責任者
唸るような風と打ち付けるような雨は、営業を開始するとさらに勢いを強めた。それもあり客足は鈍く、外の忙しなさと打って変わって、しばらくギルドの中にはゆったりした時間が流れた。
本日は休業を決めたジャンナでは、滅多に無いこの機会を利用して各所の清掃を始め、暇を持て余しているヒーは掲示板の掃除を始めた。ただエリックだけは、獲物を狙う狩人のように今や遅しとお客様に満を持していた。
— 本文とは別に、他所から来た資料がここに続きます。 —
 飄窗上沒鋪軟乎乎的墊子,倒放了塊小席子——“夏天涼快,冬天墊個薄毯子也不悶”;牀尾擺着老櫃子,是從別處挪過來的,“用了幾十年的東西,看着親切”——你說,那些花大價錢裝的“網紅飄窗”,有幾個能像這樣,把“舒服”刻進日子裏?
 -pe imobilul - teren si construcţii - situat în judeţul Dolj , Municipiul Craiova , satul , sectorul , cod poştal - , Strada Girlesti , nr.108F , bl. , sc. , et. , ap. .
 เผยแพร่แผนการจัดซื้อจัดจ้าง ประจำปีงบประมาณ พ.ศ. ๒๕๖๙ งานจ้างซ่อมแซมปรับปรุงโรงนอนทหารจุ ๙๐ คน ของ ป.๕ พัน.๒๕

台風という災害に見舞われている中、不謹慎と思われるかもしれないが、いつもとは違う動きをするスタッフを見て、のんびりした雰囲気に良い職場だと思った。それでも自主避難だが、本日初のお客様が姿を現すと普段と同じような空気が流れ始め、今日は楽できると思っていた俺の淡い期待を吹き飛ばした。
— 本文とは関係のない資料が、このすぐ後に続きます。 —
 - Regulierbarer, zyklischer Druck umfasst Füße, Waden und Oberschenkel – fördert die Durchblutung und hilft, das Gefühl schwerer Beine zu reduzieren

しかしその後も来る客は自主避難者ばかりで、結局受付としての業務は全く無く、その日はスタッフとしては大した仕事は無く、普段よりは大分楽が出来た。
台風二日目
昨日から徹夜で暴れまくっている台風は今日も朝から元気で、休日出勤する事を決めた通勤中の俺を前日同様びしょびしょにしてくれた。そしてギルドの方も昨日と同じスタイルで、本日も避難者の受け入れを優先させることが決まった。
「今日はさすがに避難指示出るかな?」
「……どうですかね?」
本日の俺は一応待機要員であるため、特にやる事は無かった。そこで一人トイレ掃除に勤しむつもりだったのだが、同じく暇を持て余していたエリックが手伝ってくれる事になり、二人仲良くいつも以上に丁寧に便器の掃除をしていた。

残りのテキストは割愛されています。